Gustav Klimt (1862 – 1918), preeminent master of the Vienna Secession movement, is famous for his unabashedly erotic paintings which swirl with sensual languor and with dark Freudian symbolism–however there was a completely different side to the stormy and controversial fin-de-siecle painter.  Beginning in the last decade of the 19th century, Klimt took an annual holiday to lovely Lake Attersee in the picturesque Austrian mountains.  While there, Klimt painted lovely landscape paintings quite different in theme from his usual studio works.  As opposed to the seductresses, maidens, and goddesses which characterize his most famous and controversial artwork, the Attersee paintings emphasize the beauty and serenity of deciduous trees.  Using pointillistic brushstokes and bright delicate colors Klimt crafted nature paintings which were both realistic and yet brimmed with abstruse energy.  Although the trees and country landscape exist in coherent spatial perspective, the impressionist brushstrokes and emphasis on color effectively flatten the tree dimensional vistas into a single plain of writhing color.  Perhaps more than his figure paintings, the Attersee works prefigure the turn to abstract expressionism which was to mark the later 20th century.

Pear Tree (Gustav Klimt, 1903, oil on canvas)

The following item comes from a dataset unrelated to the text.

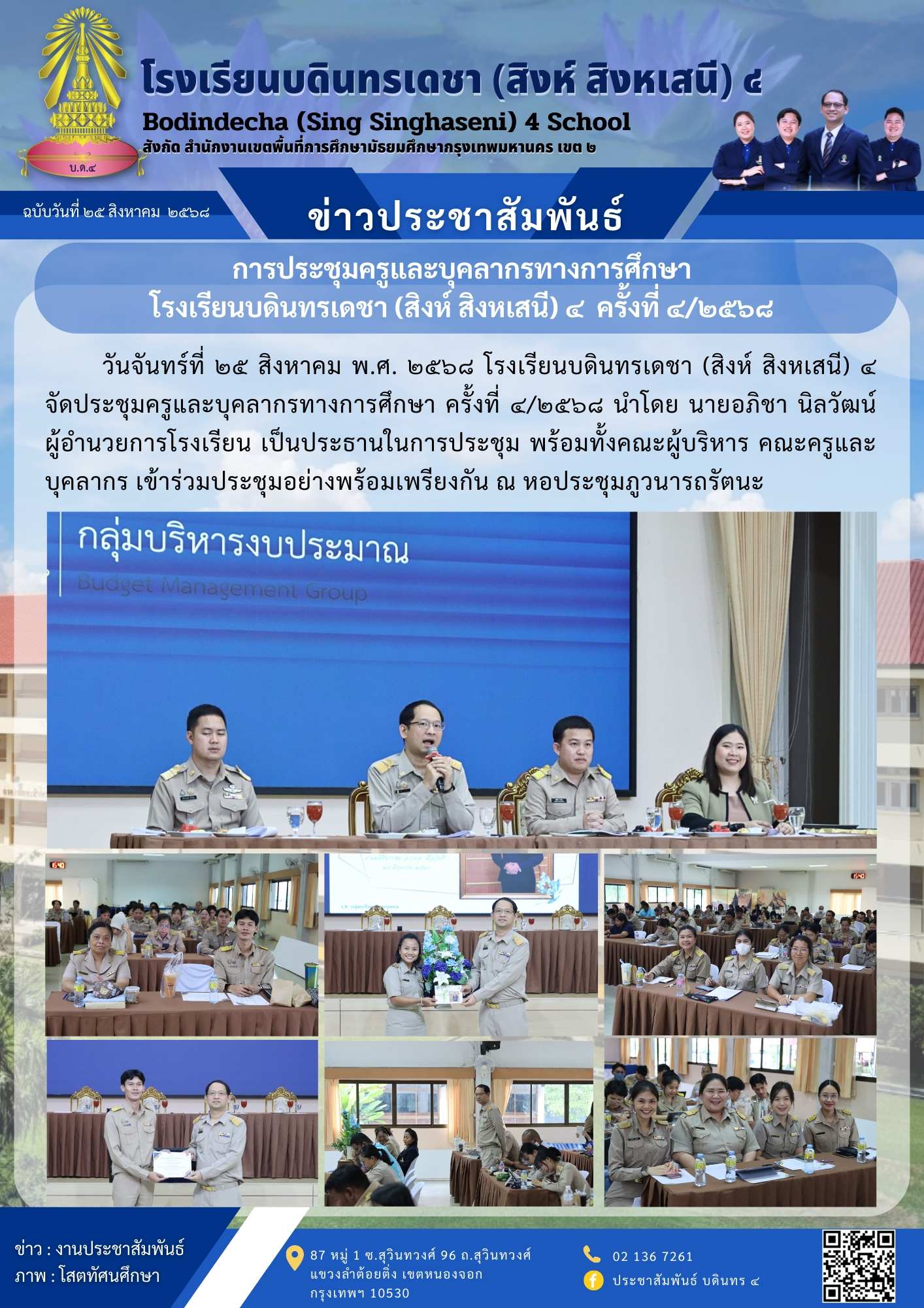 การประชุมครูและบุคลากรทางการศึกษา โรงเรียนบดินทรเดชา (สิงห์ สิงหเสนี) ๔ ครั้งที่ 4/2568

Because it is spring, (and thanks to Ferrebeekeeper’s enduring obsession with trees), I have picked out three lovely paintings of trees by Klimt to showcase in this post.  Unfortunately it is difficult to blow the images up to a proper viewing size, but even in the small digital images, one can see that the surprisingly realistic landscapes dissolve into myriad constellations of glowing dots and writhing dashes.  Each leaf and branch and blossom has its own plastic beauty which together form a strange lovely impression quite alien and apart from the pretty countryside.  The spermazoid drip shapes and rough dollops of color make it seems almost as though the atomic structure of the trees is being demonstrated.